Sustainable resource optimization under water-energy-food-carbon nexus

Abstract

Pressures from growing demands and shrinking supplies have reached a critical junction in major global resources, particularly water, energy, and food (WEF). Recognizing the complex interaction across those highly interconnected resources, the nexus concept evolved to boost efficiencies across all nexus pillars. Several modeling efforts tried to capture the complexity of this problem, but most attempts captured only one or two nexus pillars, remained localized to fixed case-studies or applications, or used simulations to assess pre-defined scenarios rather than solving for optimum solutions under defined objective function and constraints. Here, we present an optimization model for water, energy, and food nexus resource management and allocation at a regional scale.
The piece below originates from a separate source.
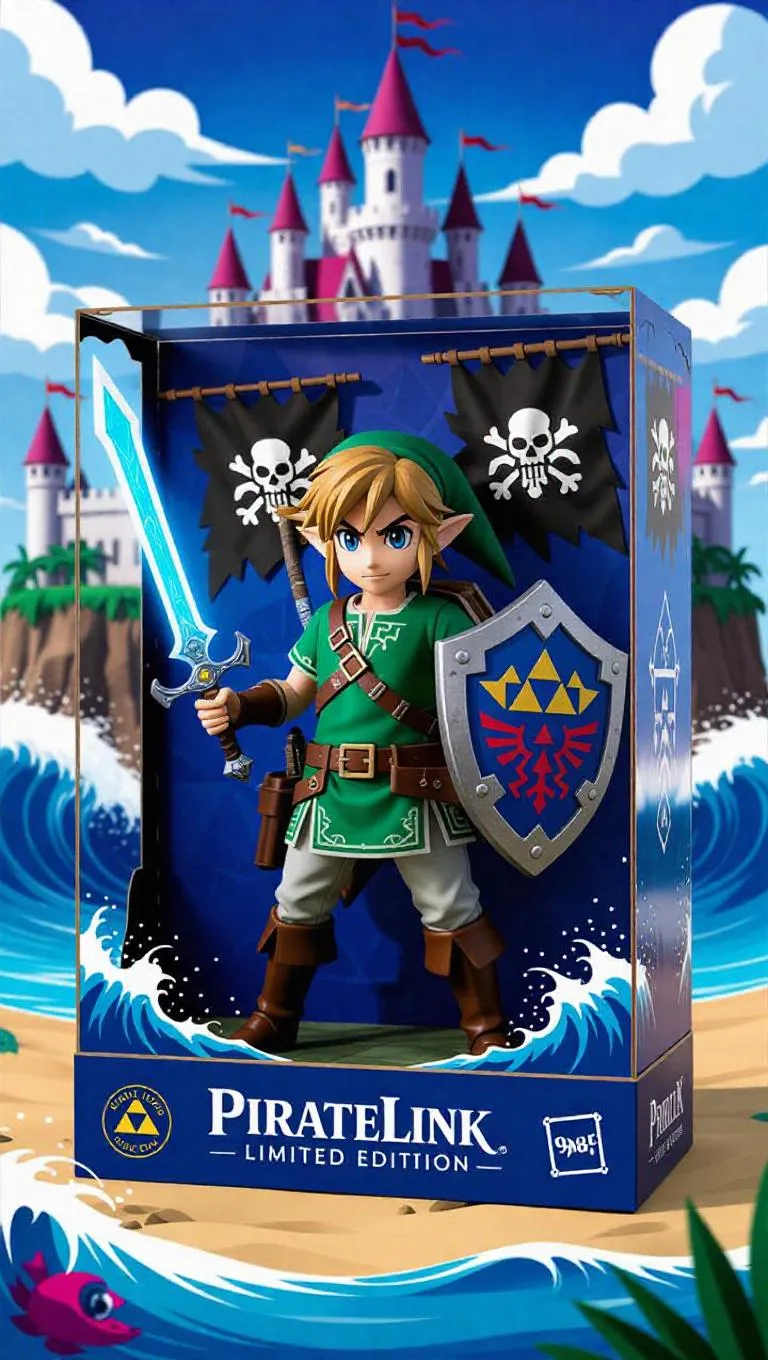An anime-style collectible action figure of Link, reimagined as a pirate captain with rugged attire, glowing blue cutlass, and tattered flag shield. Displayed inside a transparent premium toy box with oceanic linings, Triforce stickers, and 'PirateLink Limited Edition' branding. Background: coastal Hyrule Castle with crashing waves, sea monsters, and tropical vibes. Style: nautical adventure.

The model was successfully validated using a hypothetical case study to test its efficiency under several resource availability scenarios and different policy targets. The results enhanced the understanding of the interlinkages among the nexus sectors by demonstrating the sensitivity of the WEF nexus to adopted strategies. For example, imposing food variety constraints changed water consumption by an order of magnitude and more than doubled energy requirements. Moreover, adopting renewable energy may cause increased demands for land, but can significantly cut CO2 emissions. The model serves as an effective decision-making tool that enables policy makers to assess multiple WEF sources and recommends the optimum resource allocation under various policy, technology, and resource constraints.